On April 18, 2005, the Board of Directors of ADC Telecommunications, Inc. (the "Company") approved the following amendment to the Company’s Restated Articles of Incorporation, as amended to date (the "Articles of Incorporation"), to be effective as of 12:01 a.m. on May 10, 2005:

The first sentence of Article 3 of the Articles of Incorporation is amended to read as follows:

"The aggregate number of shares which this corporation shall have authority to issue is 352,857,142 shares divided into 342,857,142 shares of Common Stock, par value $.20 per share, and 10,000,000 shares of Preferred Stock, no par value."

On April 18, 2005, the Board of Directors of the Company approved the following amendments to the Company’s Restated Bylaws (the "Restated Bylaws"):

Section 5.01 of the Restated Bylaws is amended in its entirety to read as follows:

"Section 5.01. Shares Uncertificated.
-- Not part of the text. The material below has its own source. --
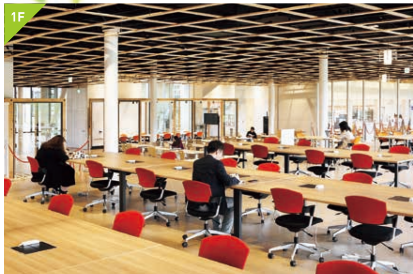
1F 自主的な学びと交流のためのラーニングスペース ラーニング commons 約160席

青葉山 commons は、農学部講義室と図書館（農学分館）、ラーニング commons からなる複合施設で、食堂と売店も備えた新キャンパスの共有地（commons）です。世界的なランドスケープデザイナーが設計した新キャンパスの中央、ユニバーシティパークとキャンパスモールに位置する2階建ての建物です。季節を感じる自然景観の中で、授業や自主的な学習・研究、食事や休憩にと、人々が学び、憩い、交流する場として、2017年4月に誕生しました。

Except as otherwise provided in a resolution approved by the majority of the directors present, all shares of the corporation shall be uncertificated shares beginning on May 10, 2005. Notwithstanding the foregoing, shares represented by a certificate issued prior to May 10, 2005, shall be certificated shares until such certificate is surrendered to this corporation."

Section 5.03 of the Restated Bylaws is amended in its entirety to read as follows:

"Section 5.03. Transfer of Shares. Transfer of shares on the books of the corporation may be authorized only by the holder of such shares, or such shareholder’s legal representative, or the shareholder’s duly authorized attorney-in-fact. The corporation may treat as the absolute owner of shares of the corporation the person or persons in whose name shares are registered on the books of the corporation."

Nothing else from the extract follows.